◆ WHAT IS EXPECTED:
Only the text should be kept: print every entry below exactly and leave each image out.

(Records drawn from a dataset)
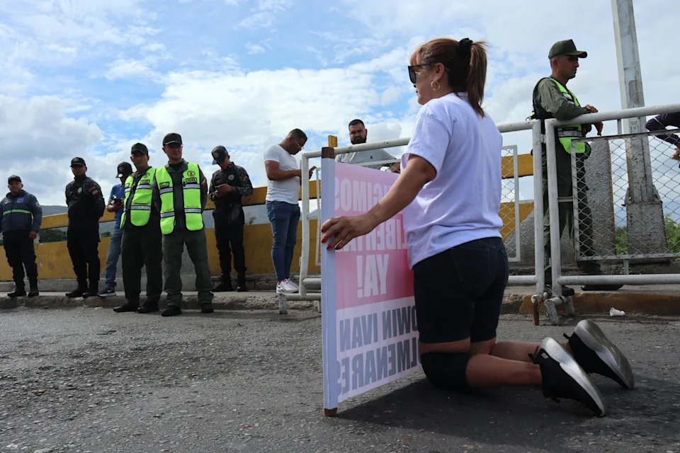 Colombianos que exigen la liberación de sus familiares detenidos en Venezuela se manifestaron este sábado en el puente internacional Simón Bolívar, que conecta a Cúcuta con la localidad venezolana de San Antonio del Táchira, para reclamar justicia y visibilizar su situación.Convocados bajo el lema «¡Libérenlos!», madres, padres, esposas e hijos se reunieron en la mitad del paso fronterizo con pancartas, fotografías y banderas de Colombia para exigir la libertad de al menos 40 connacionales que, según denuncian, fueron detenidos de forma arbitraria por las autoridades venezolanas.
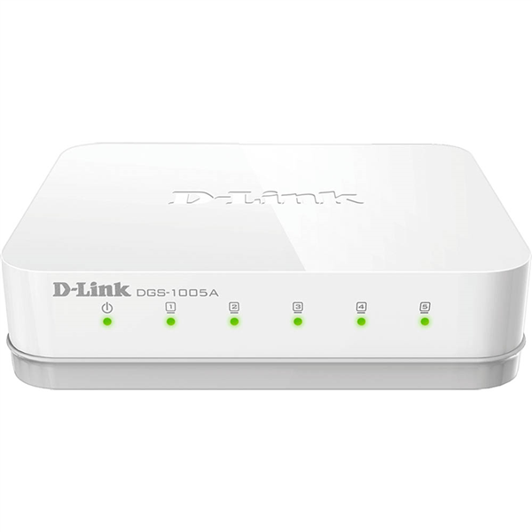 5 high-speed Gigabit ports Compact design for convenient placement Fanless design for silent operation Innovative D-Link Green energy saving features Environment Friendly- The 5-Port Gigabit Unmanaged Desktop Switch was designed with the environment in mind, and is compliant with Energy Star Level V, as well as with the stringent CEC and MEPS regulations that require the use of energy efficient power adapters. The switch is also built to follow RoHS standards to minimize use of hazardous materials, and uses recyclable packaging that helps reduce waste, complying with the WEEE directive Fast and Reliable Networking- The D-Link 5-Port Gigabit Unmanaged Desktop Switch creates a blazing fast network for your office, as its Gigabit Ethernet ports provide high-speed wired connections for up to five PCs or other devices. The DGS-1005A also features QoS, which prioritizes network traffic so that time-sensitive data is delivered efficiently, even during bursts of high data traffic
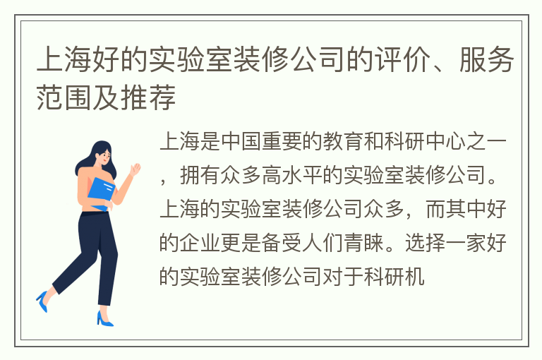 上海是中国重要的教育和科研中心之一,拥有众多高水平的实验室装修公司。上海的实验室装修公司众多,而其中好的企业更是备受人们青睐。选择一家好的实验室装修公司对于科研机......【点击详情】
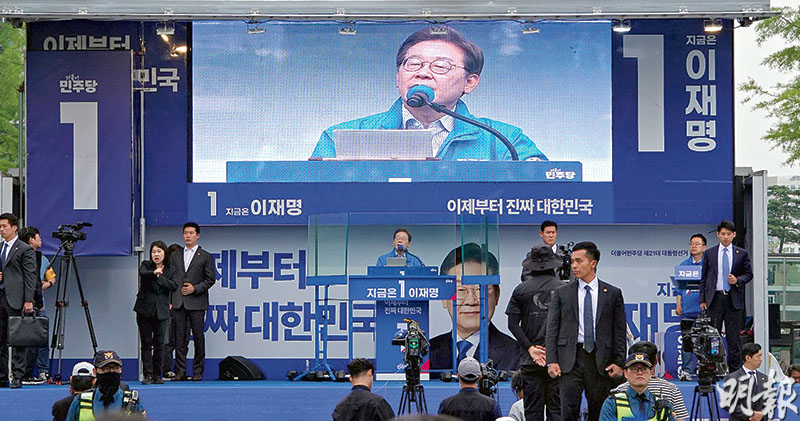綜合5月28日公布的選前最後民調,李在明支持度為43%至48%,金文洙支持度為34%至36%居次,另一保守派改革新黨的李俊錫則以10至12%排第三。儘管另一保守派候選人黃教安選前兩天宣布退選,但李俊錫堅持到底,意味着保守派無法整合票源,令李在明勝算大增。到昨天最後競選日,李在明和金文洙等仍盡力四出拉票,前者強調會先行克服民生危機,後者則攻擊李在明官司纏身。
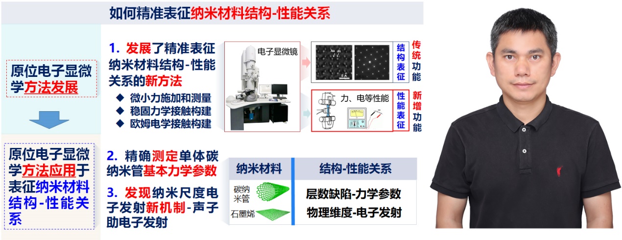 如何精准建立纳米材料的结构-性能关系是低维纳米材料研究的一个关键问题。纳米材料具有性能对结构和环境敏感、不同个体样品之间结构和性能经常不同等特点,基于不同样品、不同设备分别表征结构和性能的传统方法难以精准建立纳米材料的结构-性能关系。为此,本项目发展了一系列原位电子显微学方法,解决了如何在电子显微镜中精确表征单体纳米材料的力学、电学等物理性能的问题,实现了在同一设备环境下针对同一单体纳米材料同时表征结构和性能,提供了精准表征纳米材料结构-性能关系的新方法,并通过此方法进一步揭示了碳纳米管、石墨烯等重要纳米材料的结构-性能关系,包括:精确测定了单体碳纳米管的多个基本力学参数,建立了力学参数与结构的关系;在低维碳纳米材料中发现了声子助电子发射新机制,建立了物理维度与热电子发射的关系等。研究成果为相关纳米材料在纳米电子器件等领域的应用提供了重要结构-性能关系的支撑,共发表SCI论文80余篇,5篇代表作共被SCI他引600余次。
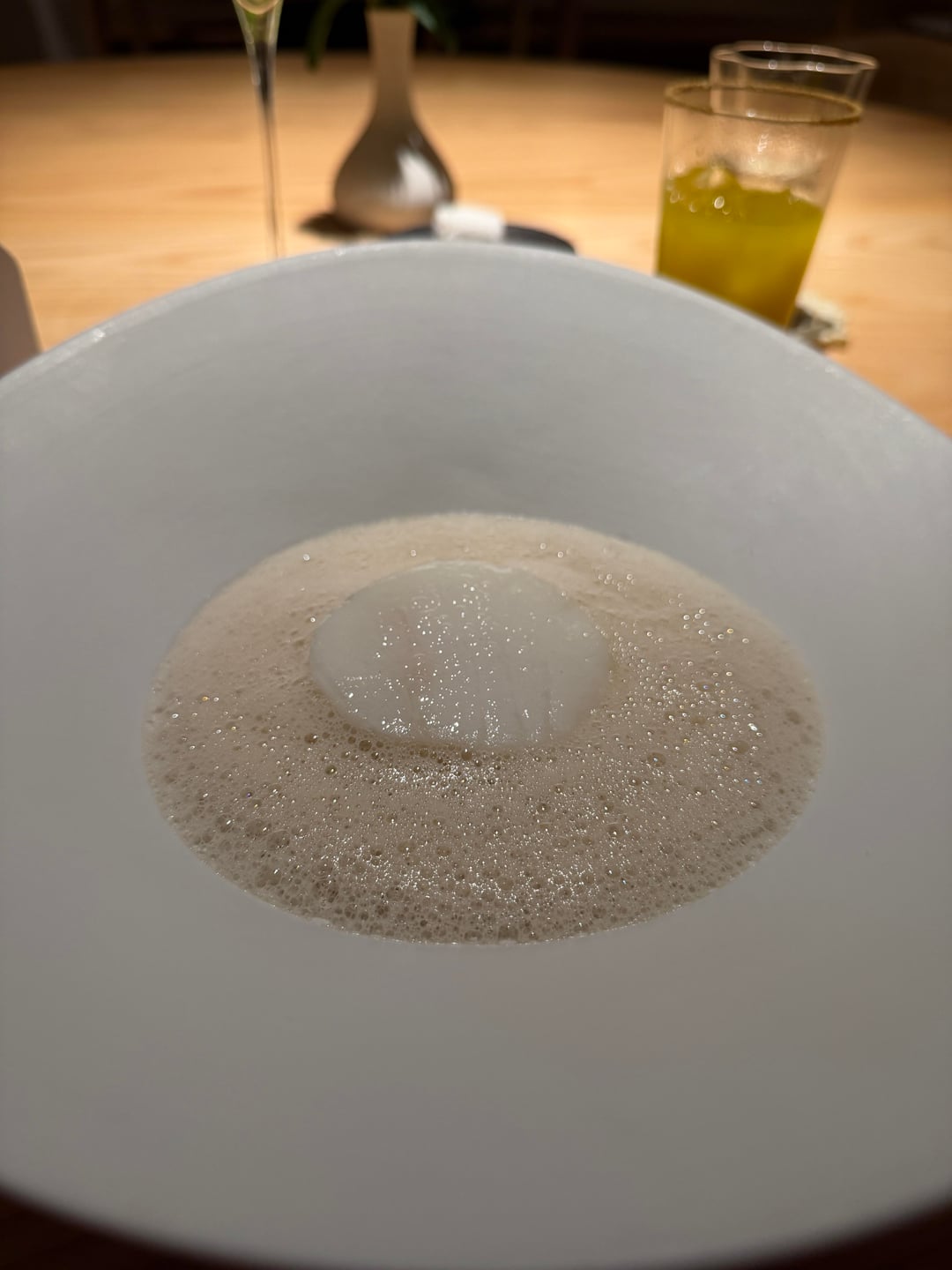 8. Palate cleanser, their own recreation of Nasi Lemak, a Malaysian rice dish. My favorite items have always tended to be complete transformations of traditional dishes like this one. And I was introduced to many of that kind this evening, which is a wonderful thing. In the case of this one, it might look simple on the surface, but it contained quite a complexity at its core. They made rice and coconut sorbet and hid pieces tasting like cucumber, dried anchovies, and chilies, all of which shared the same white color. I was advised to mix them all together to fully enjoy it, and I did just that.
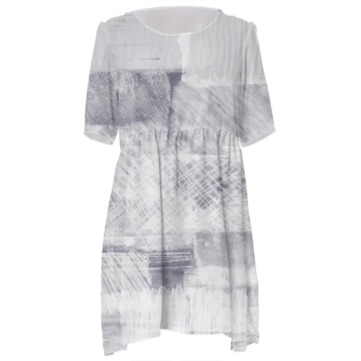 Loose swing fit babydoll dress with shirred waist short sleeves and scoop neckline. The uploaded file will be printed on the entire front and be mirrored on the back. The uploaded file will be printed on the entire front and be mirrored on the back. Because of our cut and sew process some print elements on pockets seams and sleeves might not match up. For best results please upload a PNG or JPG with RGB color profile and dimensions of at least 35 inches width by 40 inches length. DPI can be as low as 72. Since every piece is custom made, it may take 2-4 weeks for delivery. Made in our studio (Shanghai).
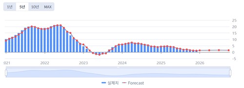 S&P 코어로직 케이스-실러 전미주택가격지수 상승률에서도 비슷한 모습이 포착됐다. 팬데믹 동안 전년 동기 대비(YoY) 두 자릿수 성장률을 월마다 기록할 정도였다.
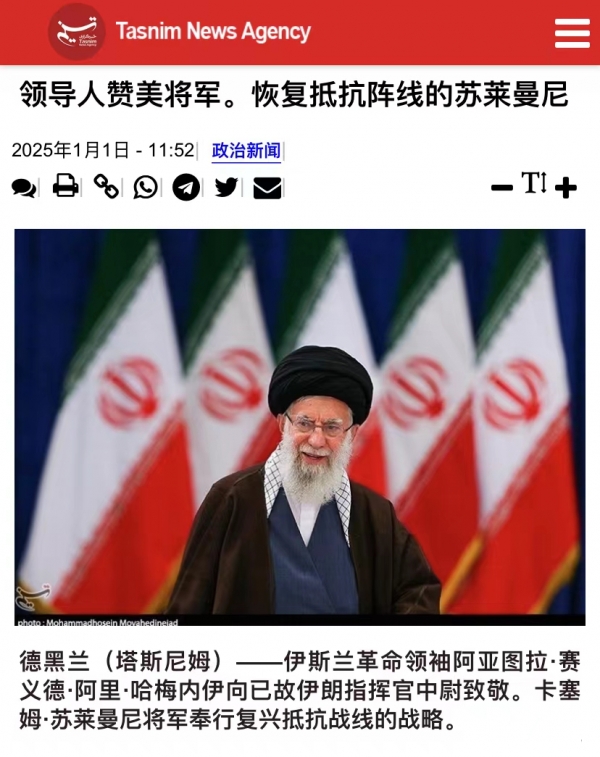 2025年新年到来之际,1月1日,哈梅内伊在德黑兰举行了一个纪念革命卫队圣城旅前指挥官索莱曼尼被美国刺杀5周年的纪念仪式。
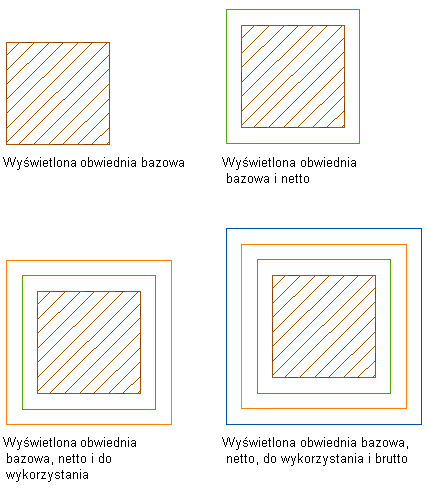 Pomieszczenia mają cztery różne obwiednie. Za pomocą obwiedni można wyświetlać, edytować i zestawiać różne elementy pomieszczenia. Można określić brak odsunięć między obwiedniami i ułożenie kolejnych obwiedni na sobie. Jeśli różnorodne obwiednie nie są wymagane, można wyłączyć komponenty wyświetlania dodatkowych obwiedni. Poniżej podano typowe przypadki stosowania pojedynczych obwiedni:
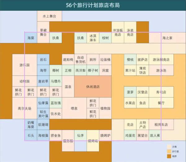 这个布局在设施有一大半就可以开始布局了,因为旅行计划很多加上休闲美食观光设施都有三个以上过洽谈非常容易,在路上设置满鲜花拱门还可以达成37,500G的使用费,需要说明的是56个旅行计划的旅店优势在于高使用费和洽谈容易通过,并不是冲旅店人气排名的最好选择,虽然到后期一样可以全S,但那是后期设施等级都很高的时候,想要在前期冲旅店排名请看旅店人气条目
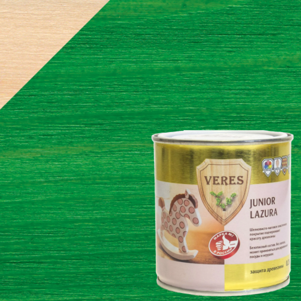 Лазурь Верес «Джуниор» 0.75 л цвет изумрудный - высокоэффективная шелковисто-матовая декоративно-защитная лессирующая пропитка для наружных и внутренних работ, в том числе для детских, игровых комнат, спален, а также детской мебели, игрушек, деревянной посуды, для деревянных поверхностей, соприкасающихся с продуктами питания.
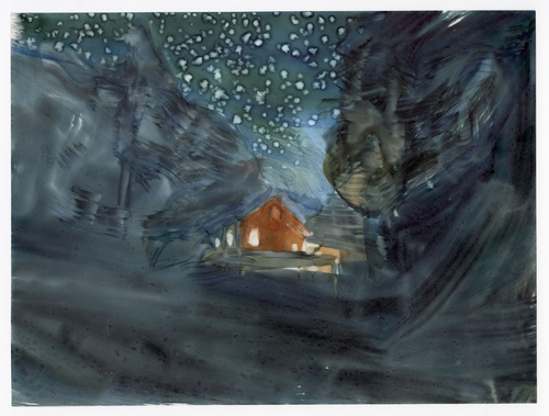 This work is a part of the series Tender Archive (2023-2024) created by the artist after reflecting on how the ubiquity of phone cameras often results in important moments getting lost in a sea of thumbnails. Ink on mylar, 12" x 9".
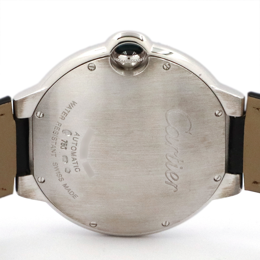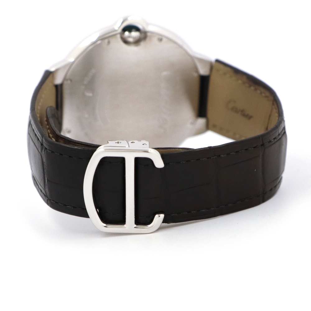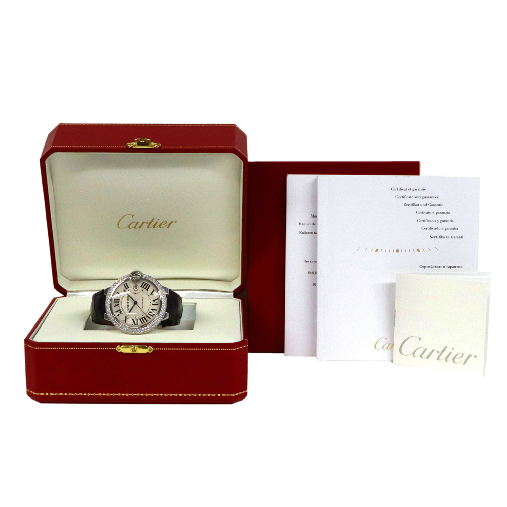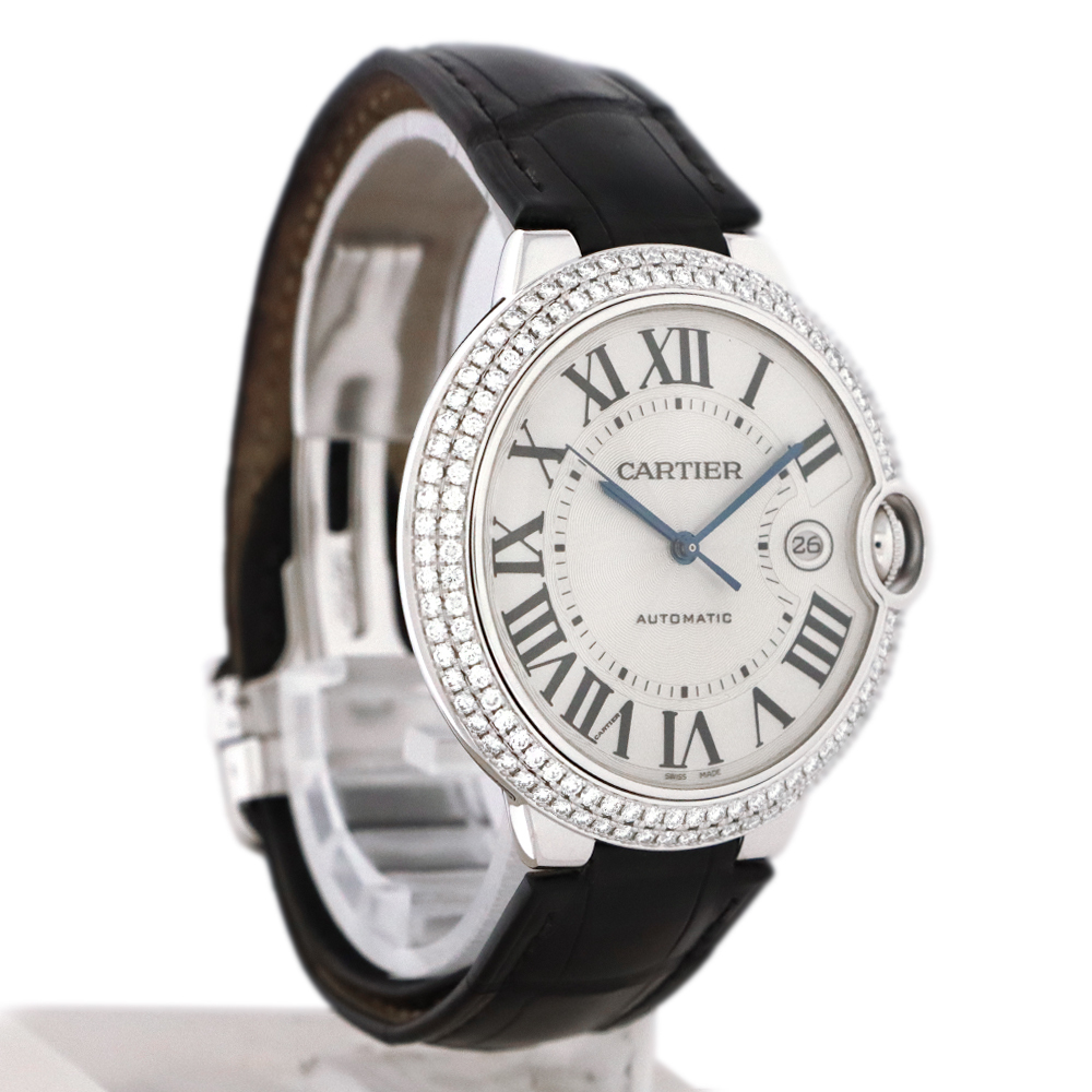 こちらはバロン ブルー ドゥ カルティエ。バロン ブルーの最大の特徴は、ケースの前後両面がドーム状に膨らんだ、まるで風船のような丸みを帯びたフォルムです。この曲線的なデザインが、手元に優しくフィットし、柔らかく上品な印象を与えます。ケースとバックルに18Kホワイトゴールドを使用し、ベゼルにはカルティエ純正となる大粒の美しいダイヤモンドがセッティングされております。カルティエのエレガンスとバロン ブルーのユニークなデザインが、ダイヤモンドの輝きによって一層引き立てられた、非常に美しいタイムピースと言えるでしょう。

◆ WRITTEN SOLUTION:
 Colombianos que exigen la liberación de sus familiares detenidos en Venezuela se manifestaron este sábado en el puente internacional Simón Bolívar, que conecta a Cúcuta con la localidad venezolana de San Antonio del Táchira, para reclamar justicia y visibilizar su situación.Convocados bajo el lema «¡Libérenlos!», madres, padres, esposas e hijos se reunieron en la mitad del paso fronterizo con pancartas, fotografías y banderas de Colombia para exigir la libertad de al menos 40 connacionales que, según denuncian, fueron detenidos de forma arbitraria por las autoridades venezolanas.
 5 high-speed Gigabit ports Compact design for convenient placement Fanless design for silent operation Innovative D-Link Green energy saving features Environment Friendly- The 5-Port Gigabit Unmanaged Desktop Switch was designed with the environment in mind, and is compliant with Energy Star Level V, as well as with the stringent CEC and MEPS regulations that require the use of energy efficient power adapters. The switch is also built to follow RoHS standards to minimize use of hazardous materials, and uses recyclable packaging that helps reduce waste, complying with the WEEE directive Fast and Reliable Networking- The D-Link 5-Port Gigabit Unmanaged Desktop Switch creates a blazing fast network for your office, as its Gigabit Ethernet ports provide high-speed wired connections for up to five PCs or other devices. The DGS-1005A also features QoS, which prioritizes network traffic so that time-sensitive data is delivered efficiently, even during bursts of high data traffic
 上海是中国重要的教育和科研中心之一,拥有众多高水平的实验室装修公司。上海的实验室装修公司众多,而其中好的企业更是备受人们青睐。选择一家好的实验室装修公司对于科研机......【点击详情】
綜合5月28日公布的選前最後民調,李在明支持度為43%至48%,金文洙支持度為34%至36%居次,另一保守派改革新黨的李俊錫則以10至12%排第三。儘管另一保守派候選人黃教安選前兩天宣布退選,但李俊錫堅持到底,意味着保守派無法整合票源,令李在明勝算大增。到昨天最後競選日,李在明和金文洙等仍盡力四出拉票,前者強調會先行克服民生危機,後者則攻擊李在明官司纏身。
 如何精准建立纳米材料的结构-性能关系是低维纳米材料研究的一个关键问题。纳米材料具有性能对结构和环境敏感、不同个体样品之间结构和性能经常不同等特点,基于不同样品、不同设备分别表征结构和性能的传统方法难以精准建立纳米材料的结构-性能关系。为此,本项目发展了一系列原位电子显微学方法,解决了如何在电子显微镜中精确表征单体纳米材料的力学、电学等物理性能的问题,实现了在同一设备环境下针对同一单体纳米材料同时表征结构和性能,提供了精准表征纳米材料结构-性能关系的新方法,并通过此方法进一步揭示了碳纳米管、石墨烯等重要纳米材料的结构-性能关系,包括:精确测定了单体碳纳米管的多个基本力学参数,建立了力学参数与结构的关系;在低维碳纳米材料中发现了声子助电子发射新机制,建立了物理维度与热电子发射的关系等。研究成果为相关纳米材料在纳米电子器件等领域的应用提供了重要结构-性能关系的支撑,共发表SCI论文80余篇,5篇代表作共被SCI他引600余次。
 8. Palate cleanser, their own recreation of Nasi Lemak, a Malaysian rice dish. My favorite items have always tended to be complete transformations of traditional dishes like this one. And I was introduced to many of that kind this evening, which is a wonderful thing. In the case of this one, it might look simple on the surface, but it contained quite a complexity at its core. They made rice and coconut sorbet and hid pieces tasting like cucumber, dried anchovies, and chilies, all of which shared the same white color. I was advised to mix them all together to fully enjoy it, and I did just that.
 Loose swing fit babydoll dress with shirred waist short sleeves and scoop neckline. The uploaded file will be printed on the entire front and be mirrored on the back. The uploaded file will be printed on the entire front and be mirrored on the back. Because of our cut and sew process some print elements on pockets seams and sleeves might not match up. For best results please upload a PNG or JPG with RGB color profile and dimensions of at least 35 inches width by 40 inches length. DPI can be as low as 72. Since every piece is custom made, it may take 2-4 weeks for delivery. Made in our studio (Shanghai).
 S&P 코어로직 케이스-실러 전미주택가격지수 상승률에서도 비슷한 모습이 포착됐다. 팬데믹 동안 전년 동기 대비(YoY) 두 자릿수 성장률을 월마다 기록할 정도였다.
 2025年新年到来之际,1月1日,哈梅内伊在德黑兰举行了一个纪念革命卫队圣城旅前指挥官索莱曼尼被美国刺杀5周年的纪念仪式。
 Pomieszczenia mają cztery różne obwiednie. Za pomocą obwiedni można wyświetlać, edytować i zestawiać różne elementy pomieszczenia. Można określić brak odsunięć między obwiedniami i ułożenie kolejnych obwiedni na sobie. Jeśli różnorodne obwiednie nie są wymagane, można wyłączyć komponenty wyświetlania dodatkowych obwiedni. Poniżej podano typowe przypadki stosowania pojedynczych obwiedni:
 这个布局在设施有一大半就可以开始布局了,因为旅行计划很多加上休闲美食观光设施都有三个以上过洽谈非常容易,在路上设置满鲜花拱门还可以达成37,500G的使用费,需要说明的是56个旅行计划的旅店优势在于高使用费和洽谈容易通过,并不是冲旅店人气排名的最好选择,虽然到后期一样可以全S,但那是后期设施等级都很高的时候,想要在前期冲旅店排名请看旅店人气条目
 Лазурь Верес «Джуниор» 0.75 л цвет изумрудный - высокоэффективная шелковисто-матовая декоративно-защитная лессирующая пропитка для наружных и внутренних работ, в том числе для детских, игровых комнат, спален, а также детской мебели, игрушек, деревянной посуды, для деревянных поверхностей, соприкасающихся с продуктами питания.
 This work is a part of the series Tender Archive (2023-2024) created by the artist after reflecting on how the ubiquity of phone cameras often results in important moments getting lost in a sea of thumbnails. Ink on mylar, 12" x 9".
 こちらはバロン ブルー ドゥ カルティエ。バロン ブルーの最大の特徴は、ケースの前後両面がドーム状に膨らんだ、まるで風船のような丸みを帯びたフォルムです。この曲線的なデザインが、手元に優しくフィットし、柔らかく上品な印象を与えます。ケースとバックルに18Kホワイトゴールドを使用し、ベゼルにはカルティエ純正となる大粒の美しいダイヤモンドがセッティングされております。カルティエのエレガンスとバロン ブルーのユニークなデザインが、ダイヤモンドの輝きによって一層引き立てられた、非常に美しいタイムピースと言えるでしょう。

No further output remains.